Je termine ce billet de la même façon que je l’avais commencé, avec une citation du roman de Hémon, une citation qui me rappelle le brûlis de Leuk-Albinen dans le Valais des premiers années avec ses larges étendues de saponaire et épilobe en épi sous les troncs squelettiques des Pins sylvestre brûlés, image qui fut nommée « Märchenwald » (forêt féérique ) par Thomas Wohlgemuth & Barbara Moser. Suivons donc Hémon sur les traces de la reconquête végétale d’une forêt jadis incendiée du Québec » Dans les brûlés, au flanc des coteaux pierreux, partout où les arbres plus rares laissent passer le soleil, le sol avait été jusque-là presque uniformément rose, du rose vif des fleurs qui couvraient les touffes de bois de charme ; les premiers bleuet, roses aussi, s’ étaient confondus avec ces fleurs ; mais sous la chaleur persistante ils prirent lentement une teinte bleu pâle, puis bleu de roi, enfin bleu violet, et quand juillet ramena la fête de sainte Anne , leurs plants chargés de grappes formaient des larges taches bleues au milieu du rose des fleurs de bois de charme qui commençaient à mourir.

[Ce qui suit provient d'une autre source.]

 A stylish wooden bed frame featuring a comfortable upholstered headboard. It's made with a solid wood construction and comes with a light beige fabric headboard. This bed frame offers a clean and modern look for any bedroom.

Les forêts du pays de Québec sont riches en baies sauvages ; les atocas, les grenades, les raisins de cran, la salsepareille ont poussé librement dans le sillage des grands incendies ; mais le bleuet, qui est la luce ou myrtille de France est la plus abondante de tous les baies et la plus savoureuse». : Hémon ( 1954: 55 )

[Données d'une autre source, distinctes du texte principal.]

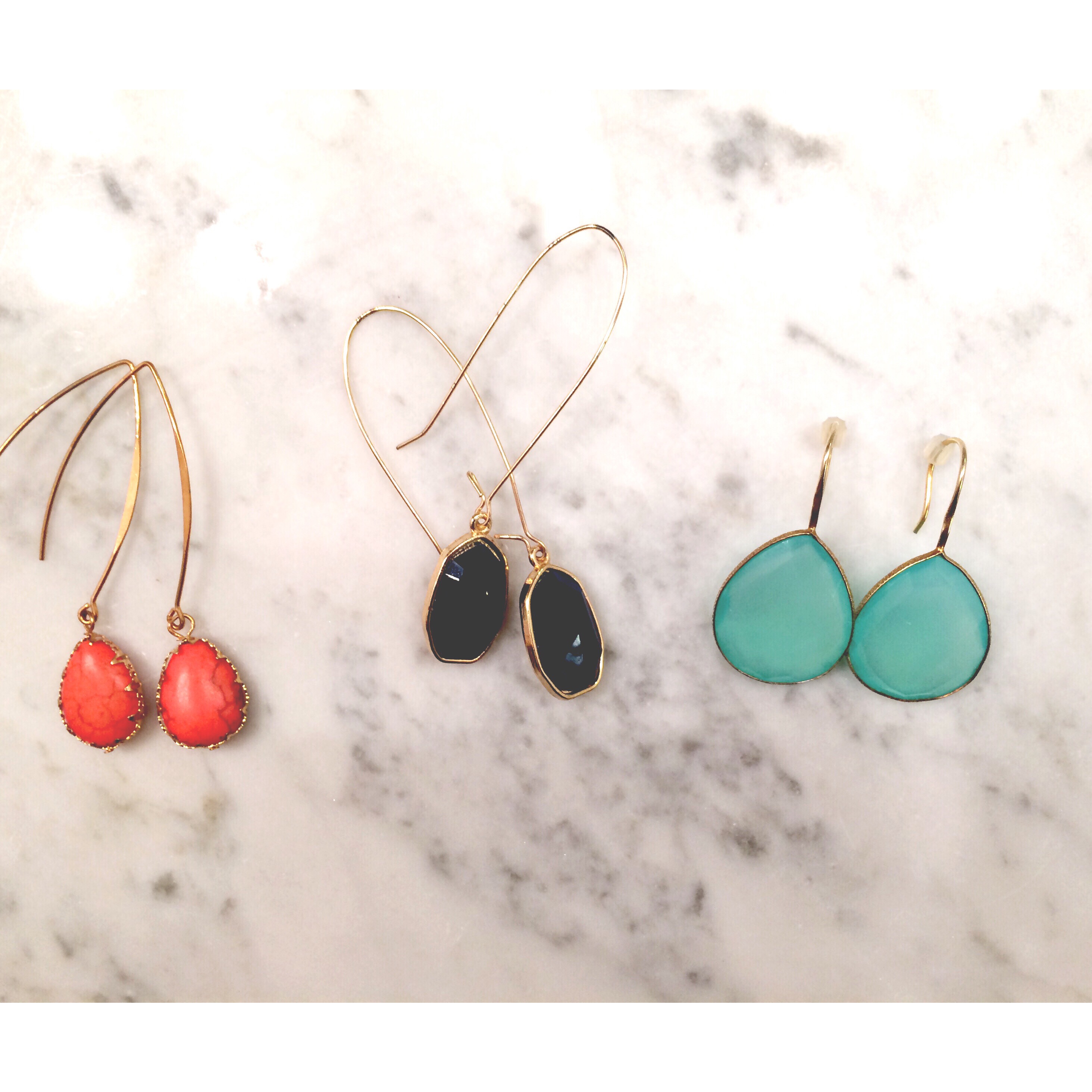Colorful earrings are always a summer staple for me. I love drop earrings with big colorful stones because they instantly dress up the outfit. I actually like not matching up the stone with the color that I’m wearing to keep it interesting.

Sources et ouvrages cités :

Der Spiegel (1975): Das große Feuer, wer hat versagt ? Nr. 34, 18 August 1975.

Garrone, B. (2004) : Le feu dans la nature mythes et réalité. Prades -le- Lez (Les Ecologistes de l‘ Euzière).

Grove, A.T., Rackham, O. (2001): The Nature of Mediterranean Europe. An Ecological History. New Haven (Yale University Press).

Hémon, L. (1954): Maria Chapdelaine, récit du Canada français. Paris (Grasset, le livre de Poche).

Lagerlöf, Selma (1948): Wunderbare Reise des kleinen Nils Holgersson mit den Wildgänsen. München (Nymphenburger) (Original = Nils Holgerssons underbara resa genom = chargeable ici (en Suédois)).

Neff, C., Scheid, A. (2003): Kontrollierte Feuer in Natur und Landschaftspflege: – Erfahrungen aus dem Mittleren Schwarzwald (Raumschaft Schramberg) und den mediterranen Pyrenäen (Pyrénées Orientales/Region Prades) Südfrankreichs. In: Venturelli, R.C., Müller, F. (Eds): Paesaggio culturale e biodiversità. Principi generali, metodi, proposte operative. Giardini e Paesaggio, 7, Firenze, 163 – 177, (ISBN 88-222-5272-1).

Quézel, P., Médail, F. (2003) : Écologie et biogéographie des forêts du bassin méditerranéen. Paris (Elsevier France).

Rackham, O. (2008): Holocene History of Mediterranean Island Landscapes. In: Vogitzakis, I.N., Pungetti, G., Mannion, A.M. (eds): Mediterranean Island Landscapes Natural and Cultural Approaches. New York, (Springer Landscape Series V 9), p. 36 – 60.